La loi du corps, c’est l’action immédiate ; mais une pensée d’action, sans hésitation, sans contradiction intérieure, ce n’est plus du tout une pensée. Ainsi quand je pense à marcher et que je marche, la pensée est aussitôt noyée dans l’action. Penser, a dit quelqu’un, c’est se retenir d’agir. Mais voilà ce que la machine du corps sait très mal faire : elle se contracte alors contre elle-même, et se raidit. À celui qui n’en a point l’habitude, penser est bientôt une rage et une colère.
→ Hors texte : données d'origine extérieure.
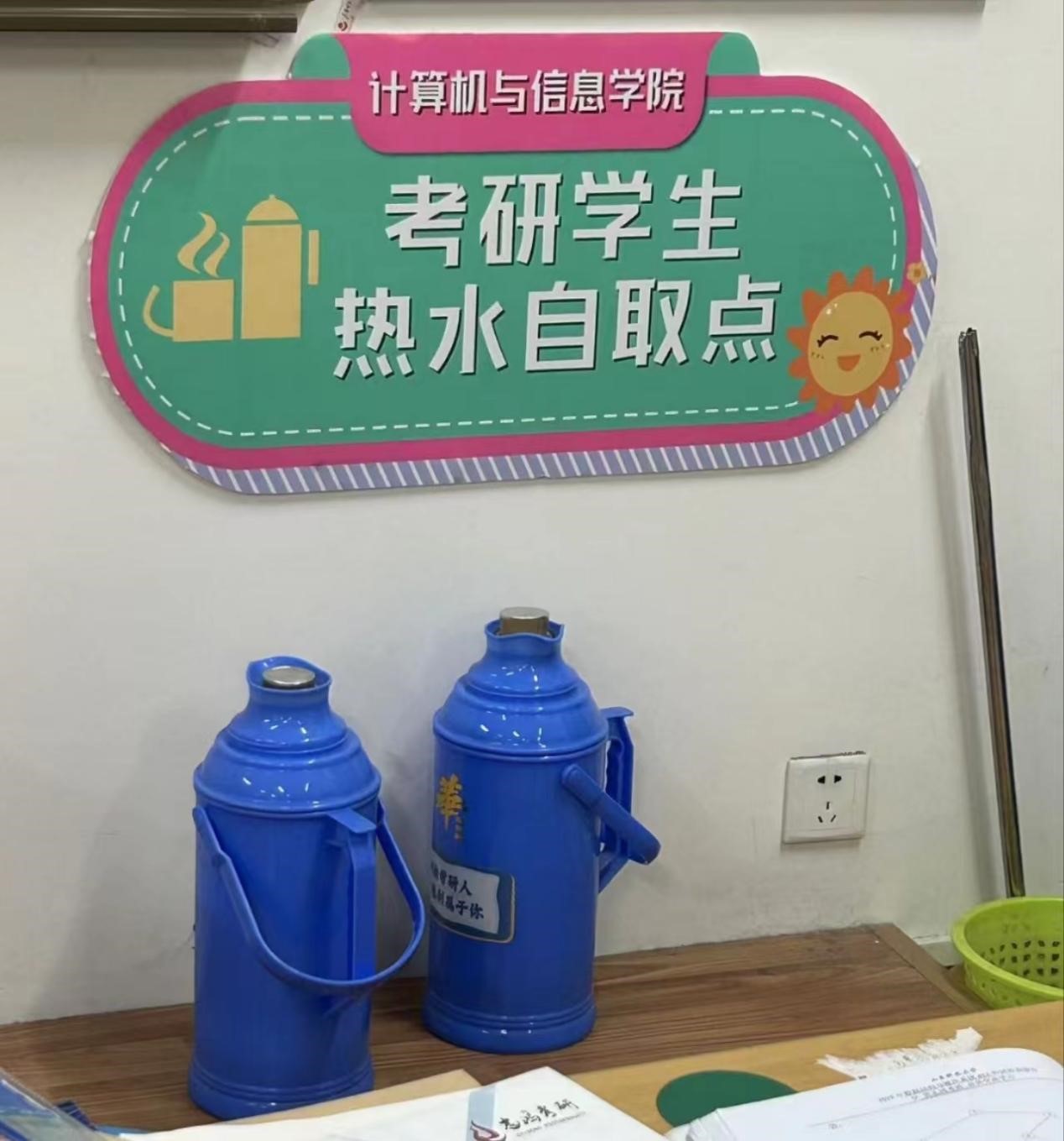 为了让考研学子在紧张的备考中感受到学院关怀,学院在每个考研自习室设置热水自取点,组织志愿者们每天定时为考研学生接好热水,送到自习室。一壶壶热气腾腾的开水,不仅驱散了冬日的严寒,也温暖了每一位学子的心。在高强度的学习压力下,同学们很容易忽略自身的健康。志愿者们的贴心服务,不仅为他们节省了时间,更时刻提醒着他们在努力学习的同时,也要注意身体,保持良好的状态。许多考研学生对志愿者的付出表达了由衷的感谢,他们表示,这一杯杯热水不仅暖身、更暖心,让他们在疲惫时能感受到学院大家庭的关爱与支持,从而更有动力坚持下去。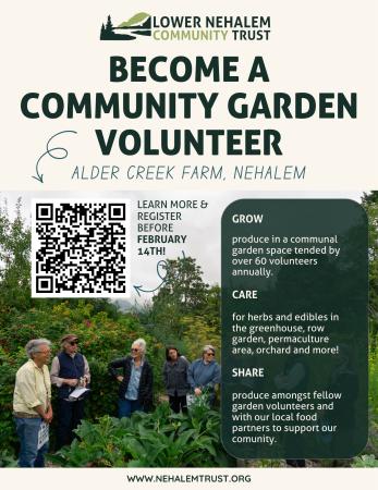 Visit our webpage to learn more: www.nehalemtrust.org/alder-creek-farm/community-garden/

Voilà le supplice des passions. Ce sont des pensées qui se contrarient, des résolutions prises et aussitôt annulées par d’autres, enfin tout le mal de l’hésitation avec un violent désir d’action. Chez un homme engourdi d’ordinaire, ce n’est que le supplice de penser. Chez l’autre, c’est le supplice de penser avec ses bras et ses jambes, et par conséquent avec ses poumons, son cœur et son ventre, car tout se tient. Seulement il est juste de remarquer que cette pensée par contracture survient moins vite chez celui-ci que chez l’autre ; son chagrin, par l’habitude qu’il a de penser, est d’abord pensée seulement. Se calmer, c’est le ramener là.

Méthode, un travail des mains. Une femme, se sentant devenir folle de chagrin, vida son armoire sur le plancher et remit toutes les choses à leur place. Heureux encore l’homme malheureux, s’il a un arbre à déraciner. Car il se produit deux effets également désirables. Ou bien la pensée suit les mains, et s’engage dans les fentes du bois. Ou bien, si la pensée s’occupe encore à ses peines, du moins l’animal est discipliné par un travail machinal ; les mouvements sont comme un massage pour l’étranglement de soi-même ; la pensée est délivrée et comme délestée. Un vieux Sage disait que le matin, pendant qu’il faisait son lit, c’était l’heure de la justice. C’est que ses forces étaient à faire son lit, non à nouer les pensées par des mouvements de passion. Je plains un colosse qui n’a rien à faire, que de penser ; il pensera avec tout son corps, et sans bonheur je le crains. C’est peut-être par ce mécanisme que les oisifs sont souvent méchants, et, par ce détour, guerriers. Pour moi je ne réfléchis convenablement qu’en faisant autre chose, comme bêcher, sarcler, clouer. C’est un os jeté au chien.